Digital video camcorder

The Panasonic AG-DVX100 is a discontinued video camera released by Panasonic on October 13, 2002. It was one of the first consumer camcorders to record at 24 frames per second, the frame rate used in most films.

The camera recorded video on MiniDV tapes. It weighs 4.4 pounds, features two XLR audio inputs, FireWire/IEEE 1394, and a hand strap on the right side of the camera.

The AG-DVX100 was first succeeded by the AG-DVX100A in January 2004, and then the AG-DVX100B in Late 2005.

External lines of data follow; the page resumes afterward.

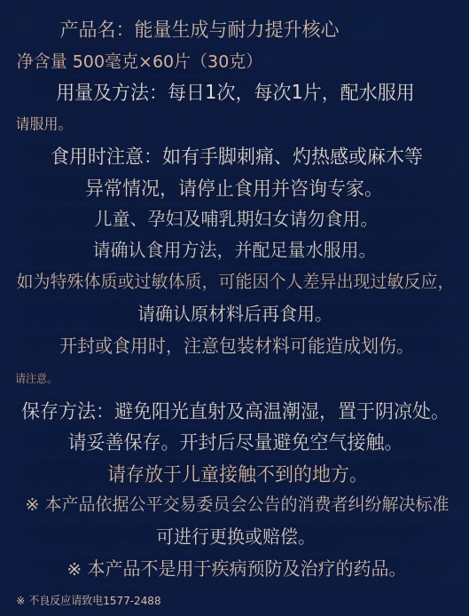 - 由于健康功能食品的特性,难以像专业药品那样产生立竿见影的效果,因此因个人差异而产生的效果感受差异不被视为回报缺陷。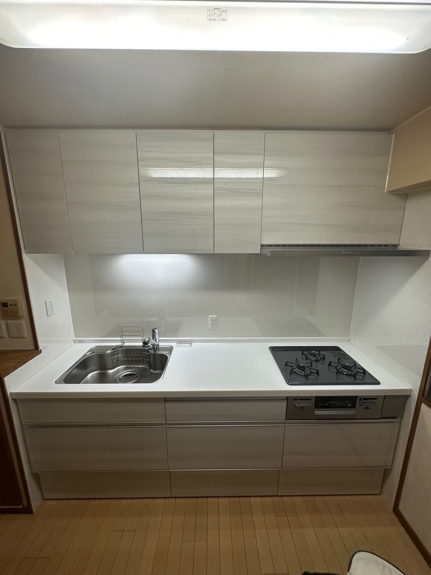 | 工事詳細 | キッチンリフォーム ・扉:開き(モカウッド) ・ワークトップ:ステンレス ・シンク:ステンレス ・コンロ:ホーロートップ2口 ・レンジフード:フラットスリムW600 |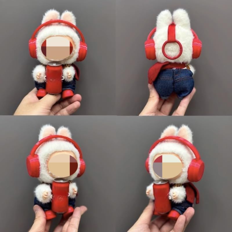 LABUBU Clothes 3-Piece Outfit Set with Headphones - Trendy for 17cm Cola Dolls,Perfect for Everyday Play & Display(NO Doll) (Red Earphones)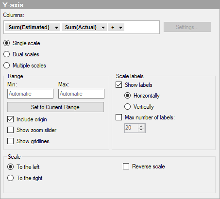 Opens the Scale Range dialog where you can specify the range of the selected scale, and also determine whether to include the origin (0, 0).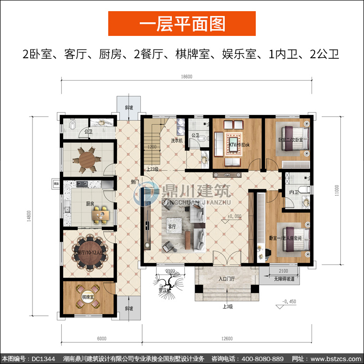 | 一 層: | 2臥室、客廳、廚房、2餐廳、棋牌室、娛樂室、1內衛、2公衛 | |||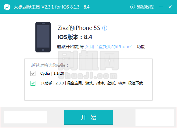 4、點擊“開始”執行越獄。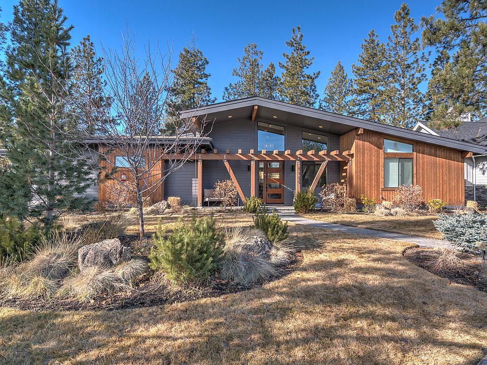 Welcome to a place you can truly call home in this single level Mountain Modern built by Rundle Construction, in beautiful Three Pines Ridge. Enjoy high vaulted ceilings and large windows in this open concept 3 bedroom 3 bath home with an office. The gourmet kitchen with high end appliances, solid quartz countertops and modern finishes is perfect for entertaining while you chef it up. The home features built-ins throughout adding to the abundance of storage options as well as custom blinds, providing complete privacy or allowing the outdoors to shine through. The second suite has its own bathroom and storage for when guests come to town. Other features include a tankless water heater, exquisite butler pantry, mud room and oversized tub in guest bathroom. Garage is a dream with a separate 3rd car garage for toys and tinkering, already equipped with 220v electric. Preferred location gives you almost instant access to 650 acre Shevlin Park and just minutes to the heart of Bend.

== Technical specifications ==
The AG-DVX100 series uses a three-CCD imaging system capable of recording video at 24 or 30 frames per second progressive scan, and 60 frames per second (50 in PAL) interlaced. For 24 frames per second recording, it supports 24p and 24pA recording modes using telecine pulldown methods (2:3 and 2:3:3:2). The camera features a "Cine-Like Gamma" function to produce images with a tonal quality similar to that of film.

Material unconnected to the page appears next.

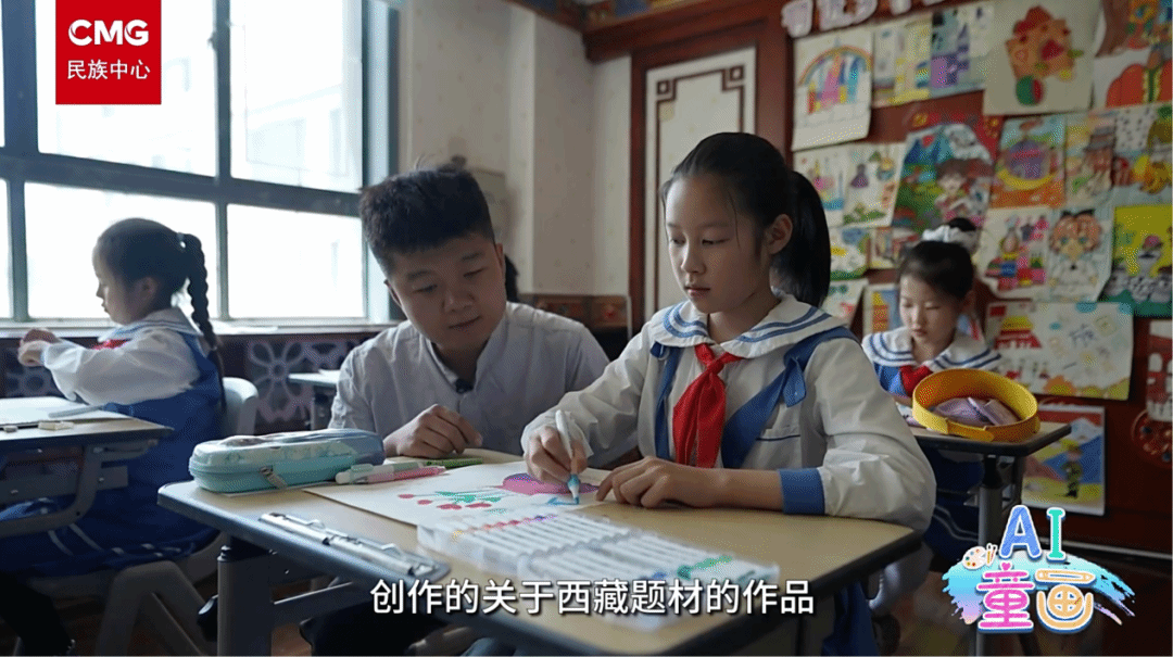 “孩子们的画笔里,藏着最纯粹的情感:有对雪山草原的眷恋,有对家乡变迁的欣喜,更有对祖国大家庭的热爱。他们用线条勾勒西藏60年的发展,用色彩描绘对未来的向往。这堂课不仅是艺术的传递,更是情感的共鸣。看着孩子们眼中的光与画中的景,我真切感受到,家国情怀早已在他们心中扎根。这样的经历,让我更明白艺术教育的意义——让爱与希望,随画笔一同生长。”
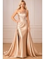 Meerjungfrauenschnitt Abendkleid Elegant Formelle Kleidung Formell Hochzeit Bodenlange Schleppe Ärmellos Ein-Schulter Satin mit Gerafft Rüschen 2025

All models use CCD sensors with 410,000 total pixels (approx. 380,000 effective).

The AG-DVX100 model only records footage in a 4:3 aspect ratio. The AG-DVX100A revision added support for 16:9 widescreen recording. However the 16:9 recording mode merely crops the original 4:3 image unless the user attaches a lens-based anamporphic adapter (such as Panasonic's own AG-LA7200G) that captures a wider horizontal field of view. On the AG-DVX100A, the 16:9 image is stretched vertically to fill the 4:3 viewscreen, but was updated to properly letterbox within it on the AG-DVX100B.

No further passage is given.